A container differs from a VM because it makes syscall calls directly to the Linux kernel.
A container is:
- A collection of one or multiple applications that are grouped and include all their dependencies so they can execute.
- It's a process that runs on the Linux kernel with some restrictions so they are encapsulated and isolated from the host base system.
This is how a system call (syscall) from an application works, whether using a container or directly on the host system.

In the case of a virtual machine, there is no interaction with the host system as with containers.
If we have several containers running on a host, we have the following scenario.

If all these containers make system calls to the same kernel, they need isolation, and the way Linux does this is through namespaces. If they weren't isolated, they could exploit kernel security problems in the host.
The Linux kernel divides containers by namespaces and manages them separately, restricting what a process can or cannot see at the process, user, and filesystem level. Cgroups restrict the resource usage of the process (RAM, Disk, CPU).
- PID
- Isolates the processes of each container from other processes.
- A process ID can exist multiple times, once in each namespace.
- Namespace processes cannot see other processes from other namespaces.
- Mount
- In a namespace, we can restrict access to mount points or to the root filesystem.
- Network
- Access only certain network devices.
- Firewall rules, sockets, and independent ports.
- Cannot see all traffic or reach all endpoints.
- User
- Different set of user IDs used.
- User 0 inside a namespace can be different from the same user 0 in another namespace.
- User 0 inside the host (root) is not the same root inside the container.
Container Runtime
We have different container runtimes, but let's review the difference.
Docker: Container Runtime + container and image management tool.Containerd: Container Runtime without management tools.crictl: Generic and interactive CLI compatible with all container runtimes that implement CRI standards. Can run with Docker, containerd, and other compatible ones.Podman: Tool to manage containers and images.
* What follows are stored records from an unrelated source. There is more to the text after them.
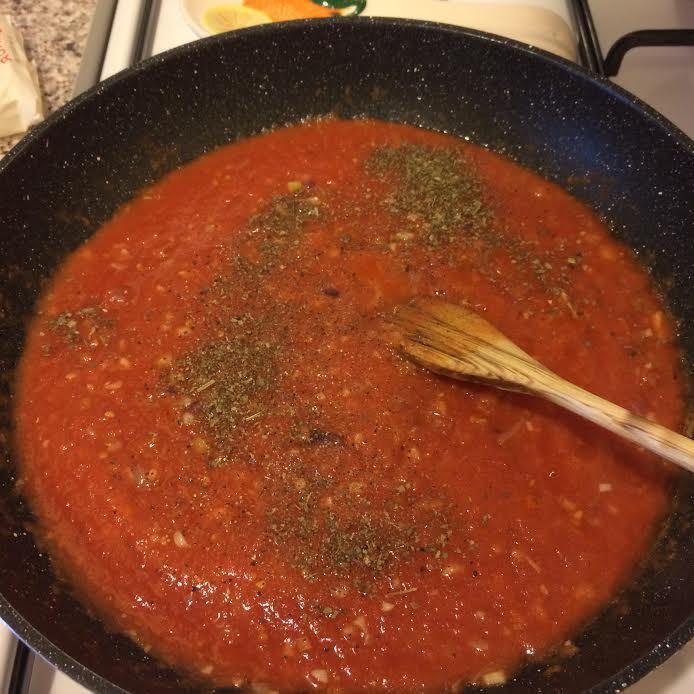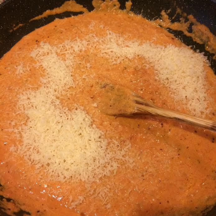 Томатный соус снять с огня, добавить сливки, быстро перемешать, затем добавить сыр.
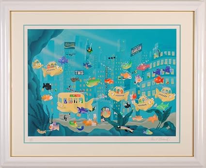 Amazon 魚 絵画 可愛い絵 ジークレー 版画 スチュワート マスコウィッツ Taxi Fish 額付き 版画 彫刻 通販
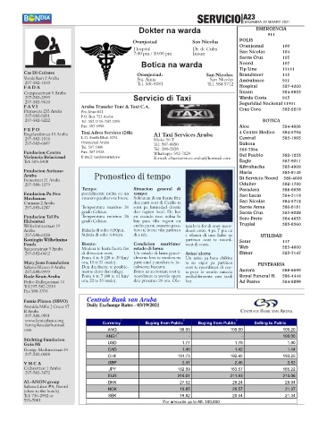 Sabana Blanco 8 Aruba Den dia fuerte te posible- calmente bastante oost te noordwest di cos- Aurora 588-6699
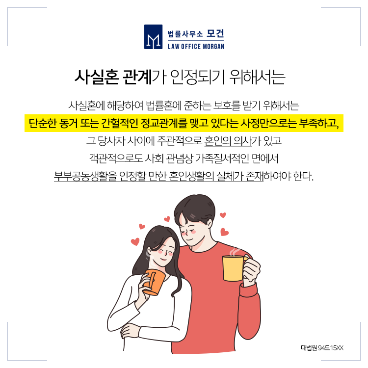 혼인의 의사를 가지고 결혼식을 올리더라도 만약을 대비해 혼인신고는 뒤로 미루는 신혼부부들도 많습니다. 그외에도 여러 사정에 따라 함께 동거하며 대외적으로 부부로 생활하면서도 혼인신고는 하지 않는 분들이 계시는데요.

When we install podman, it installs runc as container runtime, just like Buildah.
Just to illustrate, let's create a simple Dockerfile.
Dockerfile
FROM bash
CMD ["ping", "devsecops.puziol.com.br"]
Let's build an image and run using Docker.
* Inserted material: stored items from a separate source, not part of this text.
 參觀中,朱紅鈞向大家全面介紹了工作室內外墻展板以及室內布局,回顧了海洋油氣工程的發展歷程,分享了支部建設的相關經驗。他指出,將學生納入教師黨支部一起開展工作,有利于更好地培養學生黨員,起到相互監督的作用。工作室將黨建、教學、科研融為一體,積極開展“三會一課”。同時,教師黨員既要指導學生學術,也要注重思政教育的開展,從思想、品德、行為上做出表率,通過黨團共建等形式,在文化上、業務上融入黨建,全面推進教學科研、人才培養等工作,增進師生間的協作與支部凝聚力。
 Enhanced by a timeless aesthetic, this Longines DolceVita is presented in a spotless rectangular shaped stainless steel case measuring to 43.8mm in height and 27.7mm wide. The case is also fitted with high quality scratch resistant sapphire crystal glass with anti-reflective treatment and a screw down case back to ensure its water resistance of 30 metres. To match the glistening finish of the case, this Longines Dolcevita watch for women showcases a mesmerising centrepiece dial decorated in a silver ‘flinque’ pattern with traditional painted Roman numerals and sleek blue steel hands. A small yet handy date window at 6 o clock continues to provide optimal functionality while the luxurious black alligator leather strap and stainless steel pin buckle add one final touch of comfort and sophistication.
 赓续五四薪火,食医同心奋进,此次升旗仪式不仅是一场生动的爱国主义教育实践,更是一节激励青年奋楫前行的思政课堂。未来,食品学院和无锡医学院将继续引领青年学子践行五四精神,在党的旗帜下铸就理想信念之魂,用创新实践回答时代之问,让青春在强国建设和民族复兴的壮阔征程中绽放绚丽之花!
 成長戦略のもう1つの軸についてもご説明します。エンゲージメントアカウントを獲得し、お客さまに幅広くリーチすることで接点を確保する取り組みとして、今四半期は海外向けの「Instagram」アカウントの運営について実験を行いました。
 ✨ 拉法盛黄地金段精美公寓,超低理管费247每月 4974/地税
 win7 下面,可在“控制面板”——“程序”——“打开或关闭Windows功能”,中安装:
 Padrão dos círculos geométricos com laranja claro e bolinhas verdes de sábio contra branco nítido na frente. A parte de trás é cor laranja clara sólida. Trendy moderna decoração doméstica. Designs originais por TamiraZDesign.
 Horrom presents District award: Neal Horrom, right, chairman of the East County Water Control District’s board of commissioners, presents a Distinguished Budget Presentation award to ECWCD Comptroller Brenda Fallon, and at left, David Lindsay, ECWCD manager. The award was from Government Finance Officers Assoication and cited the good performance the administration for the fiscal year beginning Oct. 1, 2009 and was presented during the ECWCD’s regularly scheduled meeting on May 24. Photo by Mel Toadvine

root@cks-master:~# vim Dockerfile
root@cks-master:~# docker build -t ping . # ping is the image name and . is the directory containing the dockerfile
DEPRECATED: The legacy builder is deprecated and will be removed in a future release.
Install the buildx component to build images with BuildKit:
https://docs.docker.com/go/buildx/
Sending build context to Docker daemon 2.693MB
Step 1/2 : FROM bash
latest: Pulling from library/bash
c6a83fedfae6: Pull complete
70acf8f93de9: Pull complete
7621ec80326e: Pull complete
Digest: sha256:05de6634ac35e4ac2edcb1af21889cec8afcc3798b11a9d538a6f0c315608c48
Status: Downloaded newer image for bash:latest
---> bd4206c5bc03
Step 2/2 : CMD ["ping", "devsecops.puziol.com.br"]
---> Running in 9bb4eae80da0
Removing intermediate container 9bb4eae80da0
---> 80a23eb00c36
Successfully built 80a23eb00c36
Successfully tagged ping:latest
# The images we have available below are bash which was the base for ping
root@cks-master:~# docker image ls
REPOSITORY TAG IMAGE ID CREATED SIZE
ping latest 80a23eb00c36 10 seconds ago 14.4MB
bash latest bd4206c5bc03 2 weeks ago 14.4MB
# Note they have the same size because nothing was included in the image, only a command, and this doesn't generate a layer
root@cks-master:~# docker run ping
PING devsecops.puziol.com.br (172.67.129.115): 56 data bytes
64 bytes from 172.67.129.115: seq=0 ttl=60 time=13.352 ms
64 bytes from 172.67.129.115: seq=1 ttl=60 time=11.807 ms
64 bytes from 172.67.129.115: seq=2 ttl=60 time=11.821 ms
64 bytes from 172.67.129.115: seq=3 ttl=60 time=11.761 ms
64 bytes from 172.67.129.115: seq=4 ttl=60 time=11.839 ms
We can do the same thing with podman but I want to show a curiosity first.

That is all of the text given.